• **Source data**:
------------
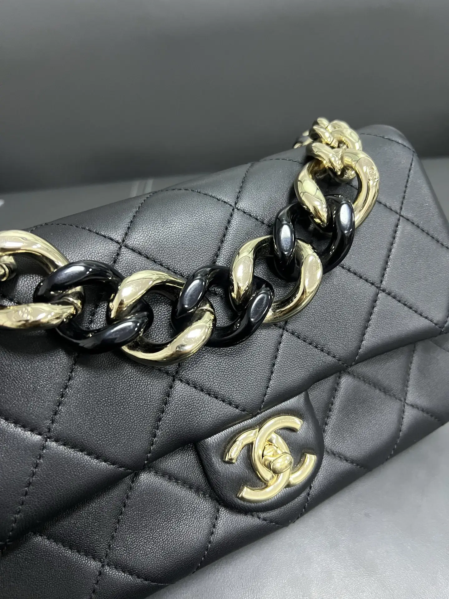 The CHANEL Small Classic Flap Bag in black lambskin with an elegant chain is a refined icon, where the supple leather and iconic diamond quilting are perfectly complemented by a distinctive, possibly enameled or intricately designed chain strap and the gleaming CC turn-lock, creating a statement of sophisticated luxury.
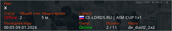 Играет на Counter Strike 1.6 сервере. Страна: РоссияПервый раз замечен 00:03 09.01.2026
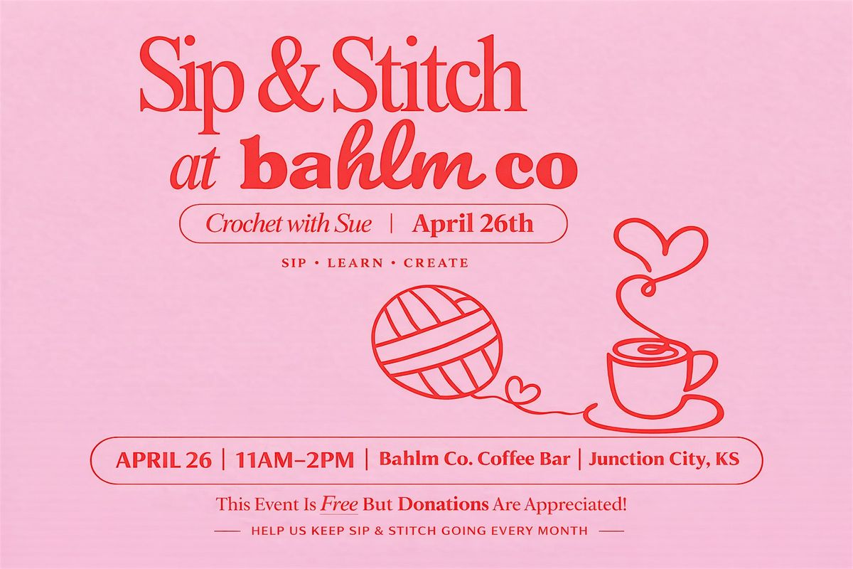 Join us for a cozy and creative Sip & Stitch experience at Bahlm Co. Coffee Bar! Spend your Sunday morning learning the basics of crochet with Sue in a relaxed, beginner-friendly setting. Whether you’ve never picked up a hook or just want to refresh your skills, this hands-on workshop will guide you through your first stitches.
------------
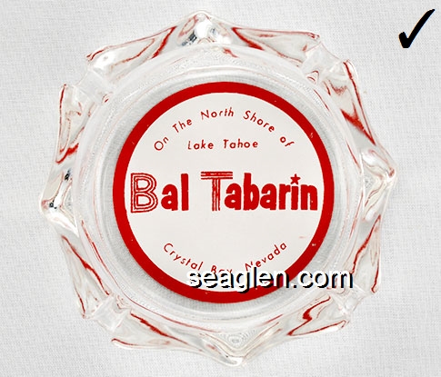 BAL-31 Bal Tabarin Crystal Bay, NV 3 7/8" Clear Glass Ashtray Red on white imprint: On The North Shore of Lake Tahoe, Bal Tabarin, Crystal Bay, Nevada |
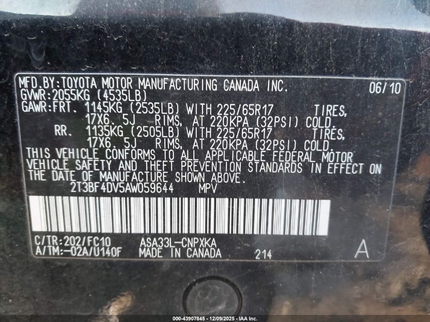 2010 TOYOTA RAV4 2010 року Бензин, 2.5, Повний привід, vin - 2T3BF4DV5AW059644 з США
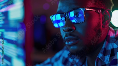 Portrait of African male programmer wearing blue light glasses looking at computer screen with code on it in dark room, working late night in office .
------------
• **What you are asked to do**: Reproduce exactly the lines above that run from the one with "Играет на Counter" to the one with "Join us for", both included, leaving pictures out.

• **Task answer**:
 Играет на Counter Strike 1.6 сервере. Страна: РоссияПервый раз замечен 00:03 09.01.2026
 Join us for a cozy and creative Sip & Stitch experience at Bahlm Co. Coffee Bar! Spend your Sunday morning learning the basics of crochet with Sue in a relaxed, beginner-friendly setting. Whether you’ve never picked up a hook or just want to refresh your skills, this hands-on workshop will guide you through your first stitches.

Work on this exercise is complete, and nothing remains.